Canada Introduces Sports Betting Bill in House of Commons
In a ground-breaking shift from its more conservative approach to gambling, the Canadian parliament’s lower house has introduced a bill that would expand the variety of gambling that is permitted and allow betting on single-game sporting outcomes.
Sports Betting Bill and How It Will Enhance the Current Criminal Code
The bill, labelled C-128, was introduced by Member of Parliament Kevin Waugh from the Saskatoon-Grasswood constituency. The aim of the bill, when passed, is to amend Canada’s current Criminal Code. The new law would “make it lawful for the government of a province, or a person or entity licensed by the Lieutenant Governor in Council of that province, to conduct and manage a lottery scheme in the province that involves betting on a race or fight or on a single sport event or athletic contest.”
The current Criminal Code only permits parlays or sports betting on several event outcomes combined into a single wager. The law will safeguard against a possible perception that betting on single games could jeopardise the integrity of the actual sports and leave leagues prone to corruption.
Waugh admitted that it was the unprecedented growth of sports betting across the USA that spurred the parliament in Ottawa to undertake this step and amend its gaming regulation regarding sports.
Pressure from the USA Regarding Sports Betting in Canada
US Supreme Court repealed the federal ban on sports betting in May 2018. Following this move, over 20 US states passed legislation that governs the implementation of sports betting across their territory, including New York and Michigan. This is specifically relevant since some of Canada’s largest casino operators and resorts are based just across the border from Niagara Falls, New York and Detroit, Michigan.
Both Casino Niagara and Niagara Fallsview Casino Resorts are owned by the Ontario Lottery and Gaming Corporation. Additionally, they are operated by Mohegan tribe in Connecticut, through their Mohegan Gaming and Entertainment subsidiary. If, for example, a Canadian player at any of these two casinos wished to place a single-game sports bet, they can commute across the Niagara Falls to Seneca Niagara Resort & Casino in New York. The limitation exists since mobile sports betting is not allowed in New York state and tribal casinos there can only operate land-based betting.
Caesars Windsor is another casino that is owned by the Ontario Lottery and Gaming Corporation. Locals who wish to place single-game sports bets will soon be allowed to travel across to Michigan and wager at one of the three registered commercial casinos in Detroit. Once sports betting goes live in the state of Michigan, online wagering will also be permitted.

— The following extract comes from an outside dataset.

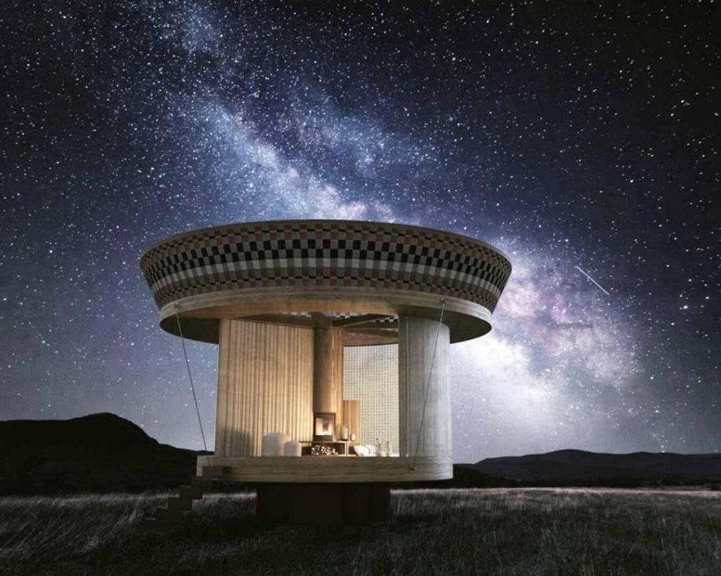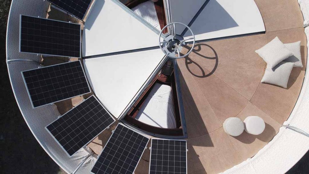 Outro ponto de alto da criação é a sustentabilidade. As madeiras que compõem a cabana são de origem sustentável, os tecidos são de plástico reciclado e a produção local está presente até na decoração, com cerâmicas feitas à mão. A estrutura também possui painéis solares e sistema de recuperação de água da chuva para reaproveitamento e tratamento de águas cinzas.

Law That Has Been Long Overdue
The main frustration arises from the fact that several US-based casino sportsbooks operate within proximity to the casinos in Ontario. By removing the parlay mandate within the federal Criminal Code, Canadian MPs will prevent those gaming dollars from flowing out to the United States.
Waugh’s sports betting legislation has garnered relatively broad support amongst other MPs and the Canadian Gaming Association (CGA). Brain Masse, a councillor from Windsor West, is one of the most vocal proponents of Waugh’s amendment, stating his frustration with the current situation on multiple times. Masse has repeatedly called for single-game betting to be allowed, to prevent unnecessary funnelling of Canadian dollars into the neighbouring country.
The CGA has estimated that CA$7,5 billion is syphoned off through illegal bookies annually. In comparison, only CA$375 million is wagered through registered province-run sports lotteries each year. According to the Chief Executive Officer of the Canadian Gaming Association, Paul Burns, there had been legal sports wagering in Canada for decades. At the same time, in the largest part of the United States, even parlay was not permitted (parlay betting was only allowed in Nevada and Delaware).
Move Towards a More Deregulated Gambling Industry
The current Sports Betting Bill introduced in parliament is just a continuation of a string of legal enhancements that have made various forms of betting and gambling more accessible to Canadians. The latest modification to sports betting laws will offer Canadian players greater choice of wagering and lead to fuller provincial and federal coffers, due to more gaming dollars staying at home.